Edmond invested $2500 in a compound interest account at his local bank. The bank offered an interest rate of 5% compounded monthly. When will Edmond’s account reach $7500? Round to the nearest whole year.

$\begin{array}{rcl} 7500 & = & 2500 {(1 + \frac{0.05}{12})}^{12 t} \\ 3 & = & {(1 + \frac{0.05}{12})}^{12 t} \\ \ln 3 & = & 12 t \ln (1 + \frac{0.05}{12}) \\ t & = & \frac{\ln 3}{12 \ln (1 + \frac{0.05}{12})} \\ t & = & 22.0179 \end{array}$

Edmond will have $7500 in his account in approximately 22 years.

How much more would Edmond have in his account in the same amount of time if the bank offered 8% interest? Round to the nearest cent.

$A = 2500 {(1 + \frac{0.08}{12})}^{12 (22)} A = 14 446.4687$

If the bank offers 8% interest, Edmond will have $6,946.47 more in his account over the same amount of time.

Use the information on the pH formula for problems 5–6.

$p H = - \log_{10} [H^{+}]$

A solution has a pH of 4. What is the concentration of hydrogen ions in the solution?

$\begin{array}{rcl} 4 & = & - \log_{10} [H^{+}] \\ - 4 & = & \log_{10} [H^{+}] \\ 10^{- 4} & = & [H^{+}] \end{array}$

The concentration of hydrogen ions in the solution is 0.0001 moles per liter.

A substance had a concentration of hydrogen ions of $2.67 \times 10^{- 8}$ . Determine the pH to the nearest hundredth.

$pH = - \log_{10} [2.67 \times 10^{- 8}] pH = 7.5734$

The substance has a pH of 7.57.

Use the information on the continuous compounding formula for problems 7–8.

$y = P e^{r t}$

P: Initial amount
r: Rate
t: Time
y: Final amount

A biologist is studying a new strain of bacteria that exhibits continuous exponential growth. They begin with a small culture of 500 bacteria. After just 4 hours, the number of bacteria has skyrocketed to 27,000. What is the continuous hourly growth rate of this bacteria strain?

$\begin{array}{rcl} y & = & P e^{r t} \\ 27000 & = & 500 e^{4 r} \\ 54 & = & e^{4 r} \\ \ln 54 & = & 4 r \\ r & = & \frac{\ln 54}{4} = 0.9972 \end{array}$

The continuous growth rate of the bacteria is 0.997 or 99.7%.

Another bacteria grows continuously at a rate of 52.3%. The initial culture started with 1200 bacteria. What is the bacteria population after 8 hours?

$y = 1200 e^{0.523 (8)} y = 78 753.4083$

The population of the bacteria after 8 hours is 78,753.

Use the information on the half-life formula for problems 9–10.
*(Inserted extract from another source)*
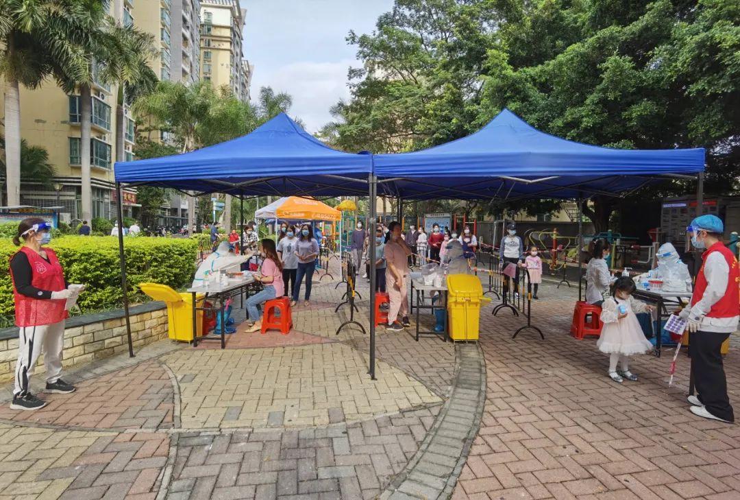 针对服务封闭管理区、围合区外的民生保障行业从业人员,横岗街道在多个片区设立专门检测点,为外卖、快递等民生保障相关行业的从业人员提供方便快捷的检测服务。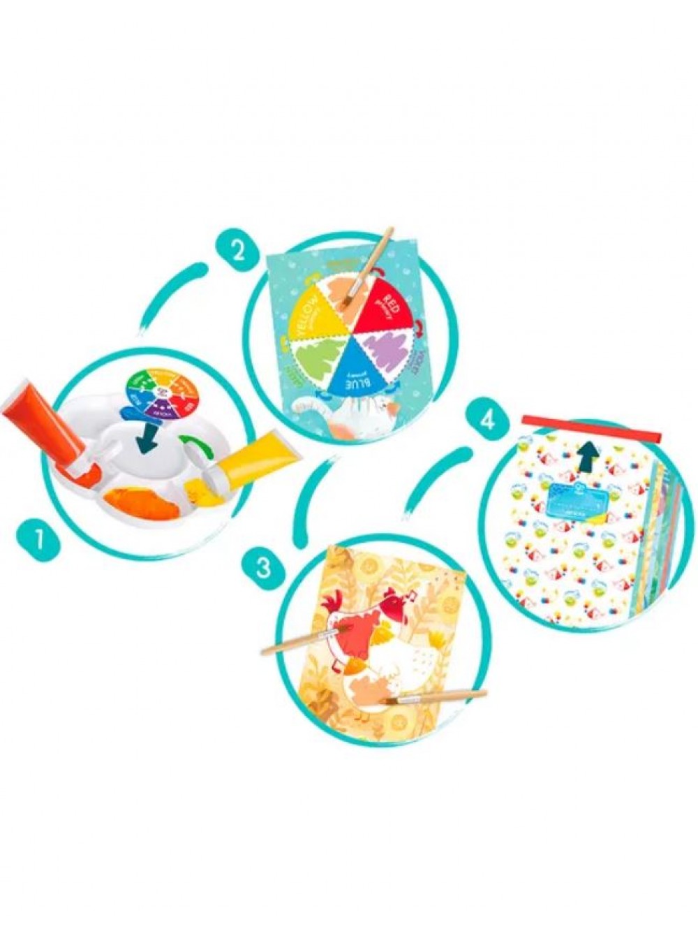 • Включает три тюбика с краской по 60 мл, одну палитру, один цветовой круг, три кисти, один альбом для занятий формата A3 и один зажим для переплета.

$A (t) = A_{0} {(\frac{1}{2})}^{\frac{t}{h}}$

$A ₀ :$ Initial quantity
t: Time in years
h: Half-life
A(t): Quantity remaining at time t

A sample of a newly discovered radioactive substance has a mass of 300 grams. Scientists observe that after 5 years, only 50 grams of the new substance remain. What is the half-life of this mysterious substance?

$\begin{array}{rcl} 50 & = & 300 {(\frac{1}{2})}^{\frac{5}{h}} \\ \frac{1}{6} & = & {(\frac{1}{2})}^{\frac{5}{h}} \\ \ln (\frac{1}{6}) & = & \frac{5}{h} \ln (\frac{1}{2}) \\ \frac{\ln (\frac{1}{6})}{\ln (\frac{1}{2})} & = & \frac{5}{h} \\ h & = & \frac{5 \ln (\frac{1}{2})}{\ln (\frac{1}{6})} \approx 1.934 \end{array}$

The half-life of the new substance is 1.934 years.

A specific type of medication has a half-life of 4 hours in the human body. If a patient is given an initial dose of 400 milligrams, how long will it take for the amount of medication in their system to decrease to 25 milligrams?

$\begin{array}{rcl} 25 & = & 400 {(\frac{1}{2})}^{\frac{t}{4}} \\ \frac{1}{16} & = & {(\frac{1}{2})}^{\frac{t}{4}} \\ \ln (\frac{1}{16}) & = & \frac{t}{4} \ln (\frac{1}{2}) \\ \frac{4 \ln (\frac{1}{16})}{\ln (\frac{1}{2})} & = & t \\ t & = & 16 \end{array}$

It will take 16 hours for the medication to decrease to 25 mg.

Note

Students could have also solved by changing $\frac{1}{16}$ to ${(\frac{1}{2})}^{4} .$ Then $4 = \frac{t}{4}, t = 16 .$

Use the information below for problems 11–12.

The population of a small town grows exponentially. In the year 2000, the population was 4000. By 2010, the population had grown to 7000.

Write the equation in the form $y = a b^{x}$ .

$\begin{array}{rcl} (0, 4000), (10, 7000) \\ y & = & a b^{x} \\ 4000 & = & a b^{0} \\ a & = & 4000 \\ 7000 & = & 4000 b^{10} \\ \frac{7}{4} & = & b^{10} \\ \sqrt[10]{\frac{7}{4}} & = & b \\ b & = & 1.058 \end{array}$

$y = 4000 {(1.058)}^{x}$

If this trend continues, what will the population be in the year 2030?

$y = 4000 {(1.058)}^{30} y = 21708.5$

In the year 2030, there will be approximately 21,709 people in the town.